As has been noted and commented elsewhere, any PRT system ultimately runs into the same problems as any system based on single occupancy vehicles, with traffic jams and infrastructure being the biggest one. As Neil Salmond mentions, this is physics. Automated skinny cars tinker at the edges of that and increase efficiency, but a highway full of single-occupancy vehicles will never be as efficient moving people as, say, a Skytrain line.

2. Our notions of car ownership are changing fast, and this will kill any lingering sense that a car is anything other than what it is: a means of conveyance.

Hobbyists and enthusiasts will still have their own personal cars and I suspect that there will be locations set aside for their use. But given the ability of auto-autos to essentially eliminate accidents, I expect that directly operating a motor vehicle will be a thing of the past.

3. Some sprawl supporters view electric powered auto-autos as their saviour, a way to shut up all the environmentalists and also deal with pesky traffic jams. Hooray, we can kill public transit once and for all! Except, it’s not going to work that way because the physics simply won’t support it and building more lanes of freeway is still going to be wrecking our local environments.

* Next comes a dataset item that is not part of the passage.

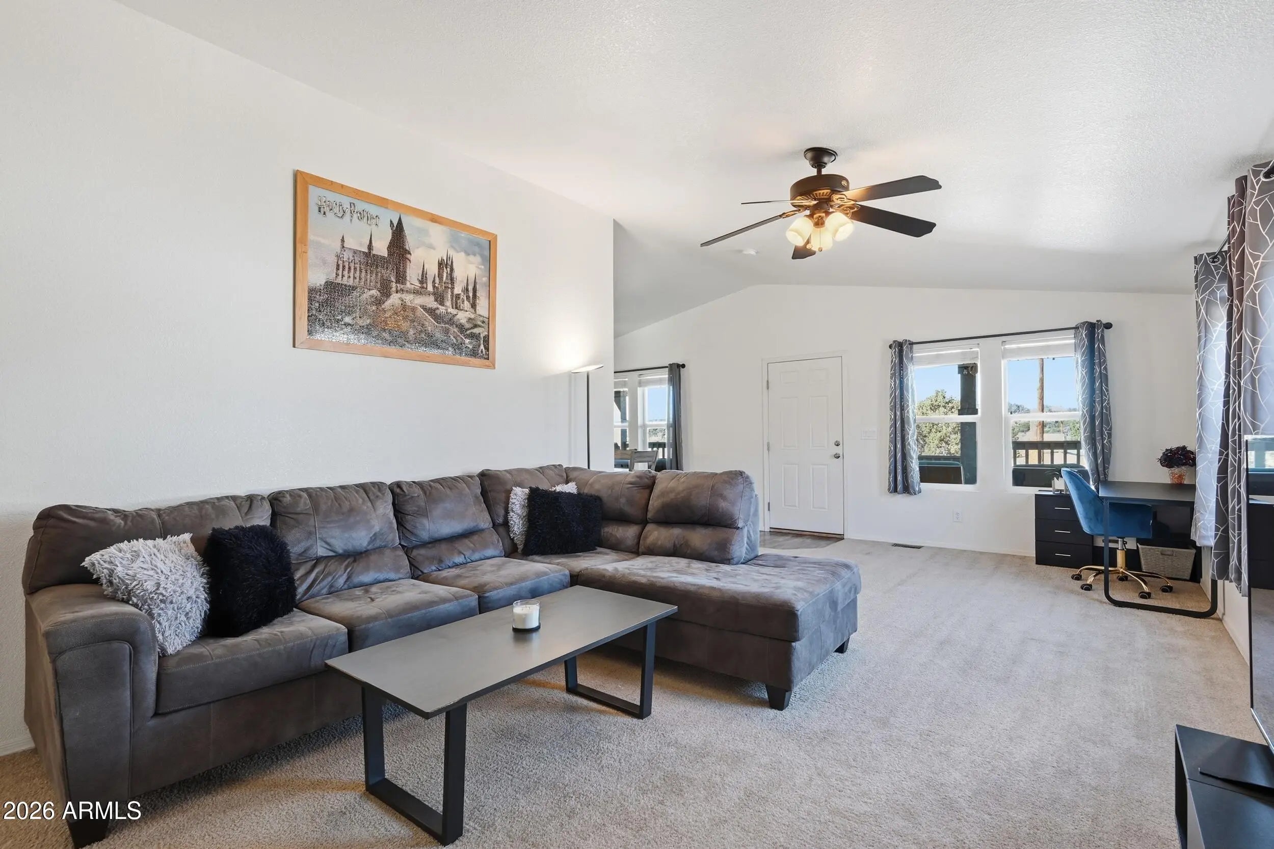 This well-appointed 2017 Cavco home features a meticulously maintained interior with a spacious open layout and vaulted ceilings. Durable laminate flooring runs through the kitchen, dining, and main living areas. The kitchen offers a central island, ample cabinetry, a large pantry, and upgraded appliances including a refrigerator, dishwasher, washer, and dryer. The standout feature is the outdoor living space--a maintenance-free covered front deck perfect for relaxing and taking in stunning, unobstructed views of the Mogollon Rim. Enjoy morning coffee or sunset views against a beautiful Arizona mountain backdrop. Fully electric, permitted, and equipped with installed tie-downs, this move-in ready home is ideally located to enjoy the best of Payson. Owner/Agent.

And in Metro Vancouver where we have very real physical barriers to growth too.  And no suburb will ever provide the wealth of experience that a proper city can. Still, there will be renewed push for suburbanization in the wake of this technology.

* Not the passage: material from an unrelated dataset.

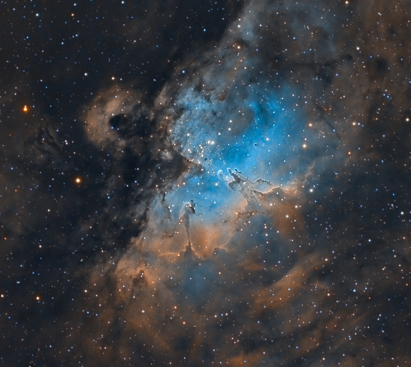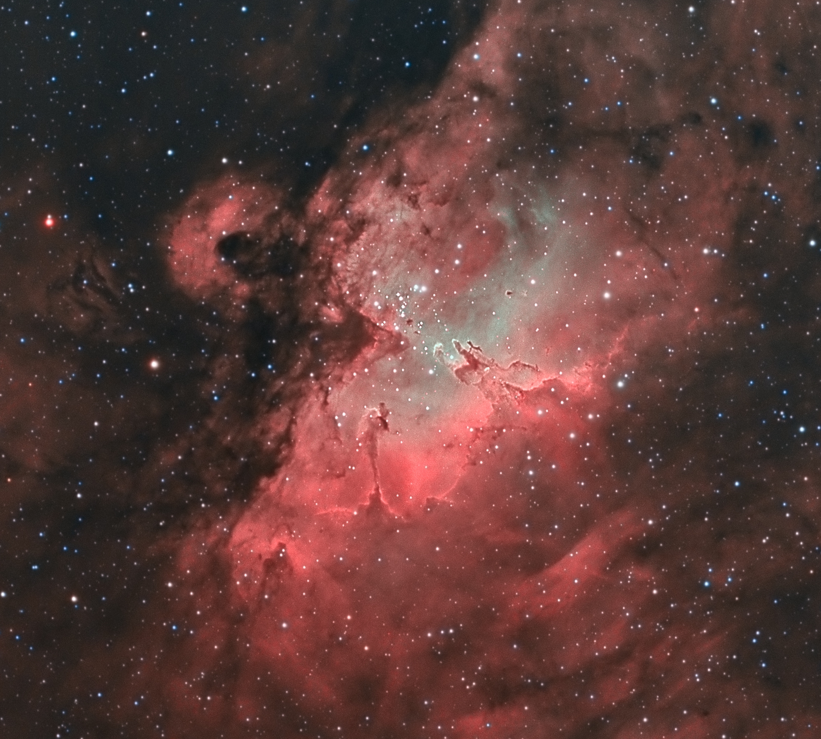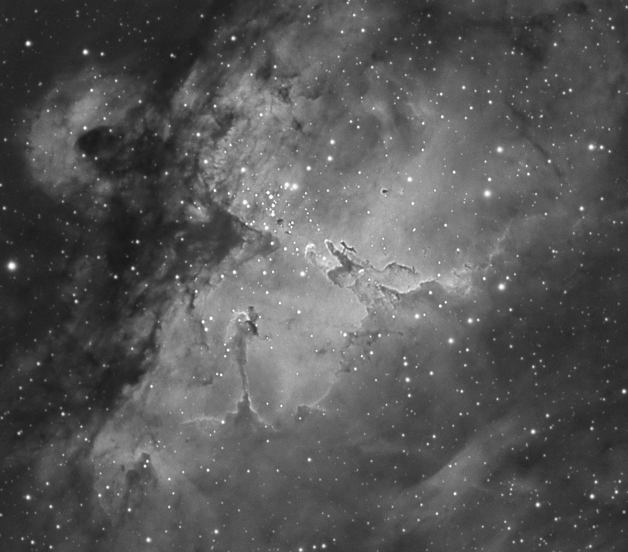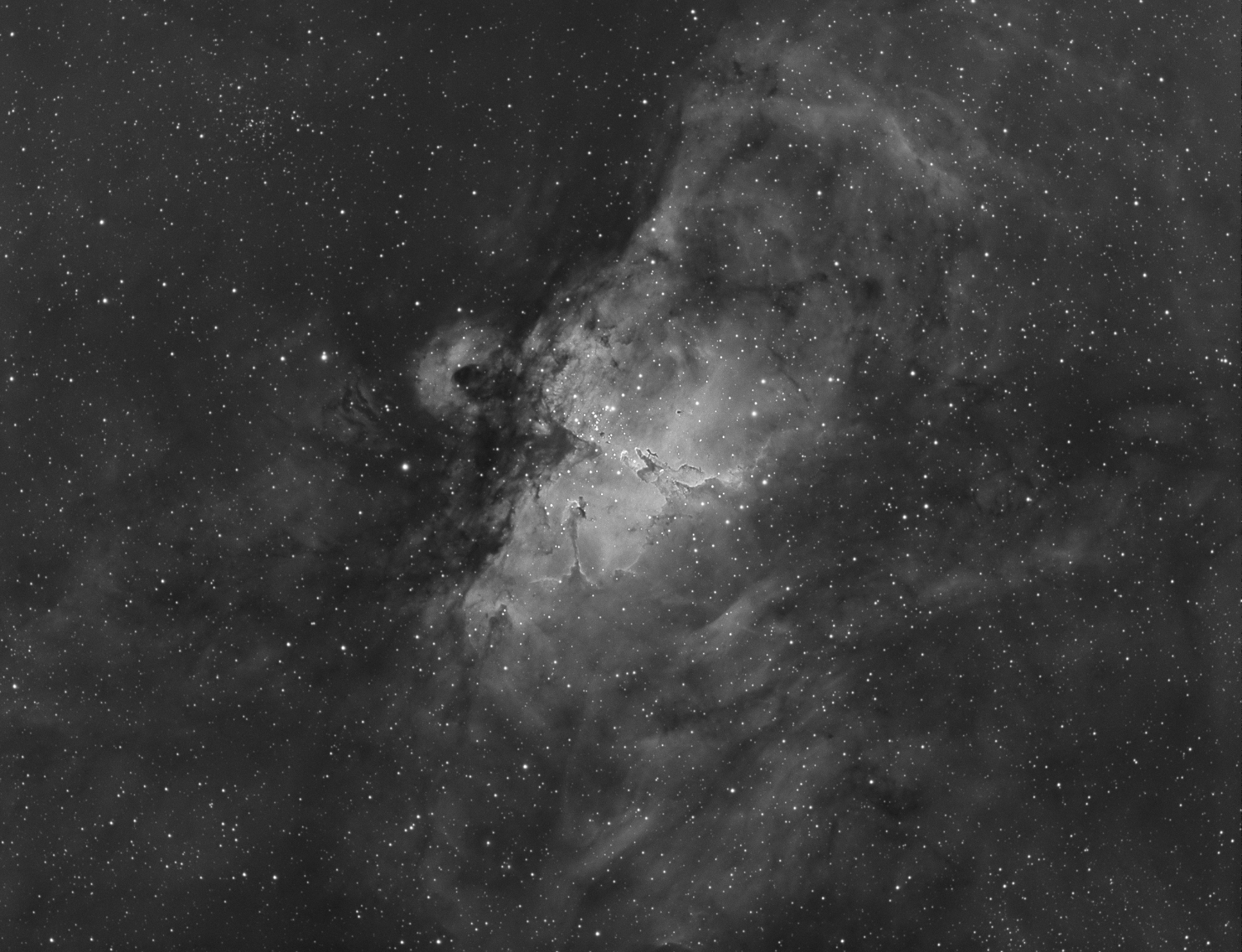 Il s'agit de Messier 16 appelée la nébuleuse de l'aigle dans la constellation d'Ophiucus avec en son sein les fameux piliers de la création. Je vous poste la version Ha en Noir & Blanc, la HOO & la SHO .......... Et en prime un petit crop raisonnable de la région des piliers.

4. The biggest risk to public transit from the arrival of auto-autos is that there will be a push to make them a public utility. That would be a huge mistake. Computerized buses will obviously be phased in, but public agencies should not be in the business of providing single occupancy vehicle use.

With the de-personalization of car ownership and cars being relegated to just being a service, any transit agency that started operating them would probably be doomed pretty fast. We do not want to be subsidizing single-occupancy vehicles, even if they use the hopes of little children as fuel and the hand of God as driver. We’ll be stuck in the same situation we are today, trying to build more and more freeway to keep up with more and more demand while wrecking our own health and having the government subsidizing it.

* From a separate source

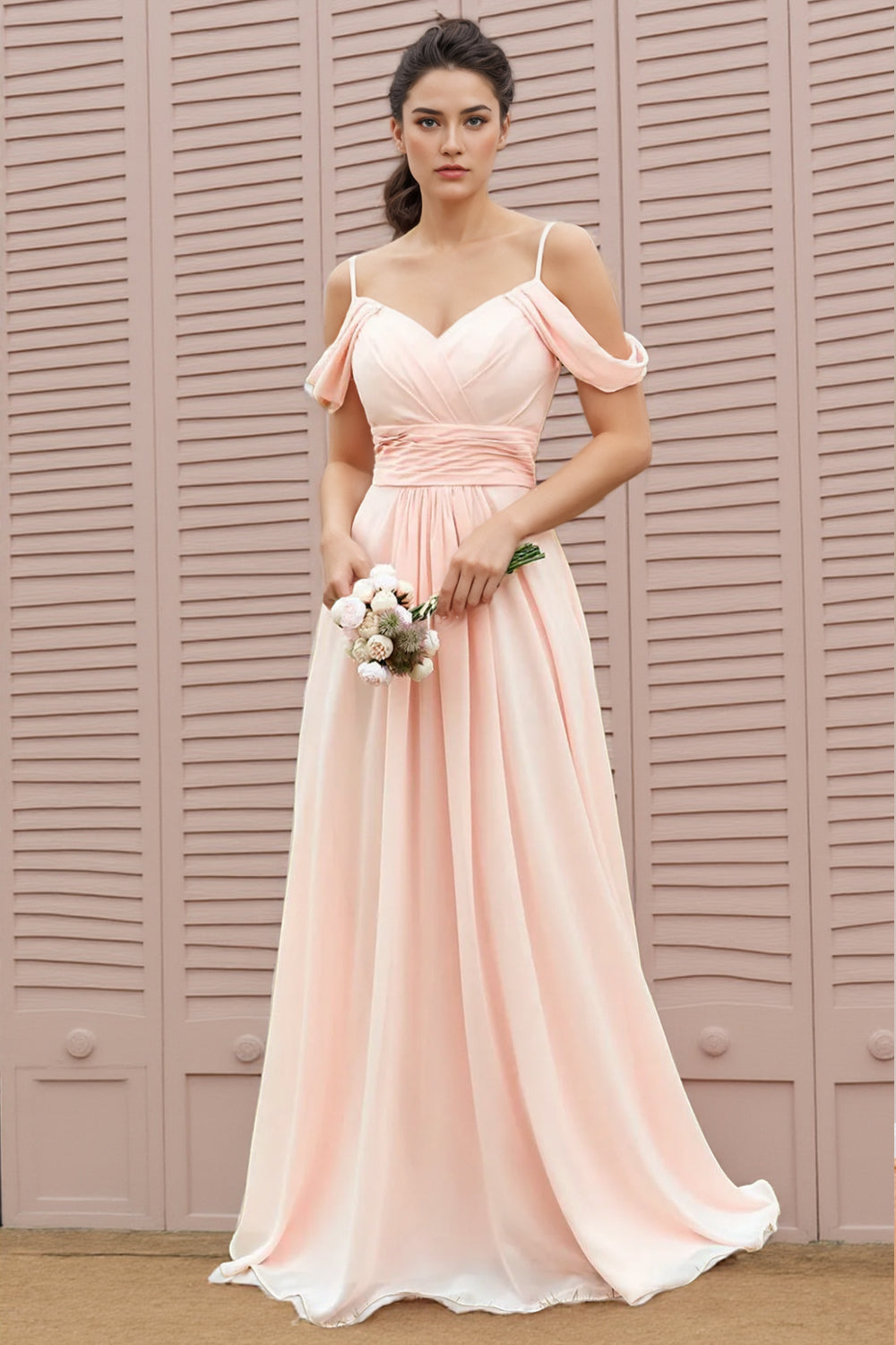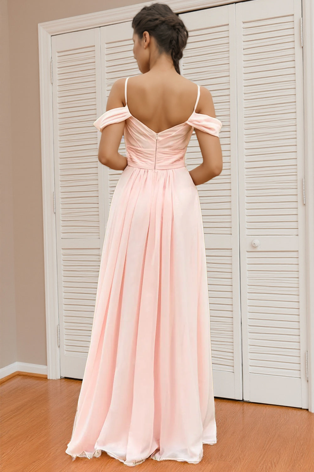 Spaghetti Straps Off Shoulder A-line Chiffon Blush Bridesmaid Dress

5. Following up on thought number 4: auto-autos are the best chance that’s ever come along to make sure that you really are paying for what you use when you travel anywhere on publicly owned asphalt. You’ll be taxed right down to the last centimetre used. But with luck, it will be the end of government subsidizing single-occupancy vehicle use.

6. Rubber-on-asphalt….  Not really all that energy efficient. I expect some places will start trying alternatives, including possibly standard-gauge rail. As long as the computer onboard can talk to a central computer to mange switches, it might work. There’s probably other options in this vein that I can’t conceive of that might work even better.


  1. I’m honoured, thank you. And I wish I had double checked my spelling and grammar before I hit ‘Post Comment’ now.

    Watching Sebastian Thrun, I have to admire his vision. At age 19, I lost a dear friend of mine in a car accident between Calgary and Vancouver that was utterly preventable. So I understand and do think the automation of automobiles can drastically improve safety and save lives.

    But I’ll also admit, the idea of increasing the capacity of highways by a factor of 2 or 3 does worry me as well.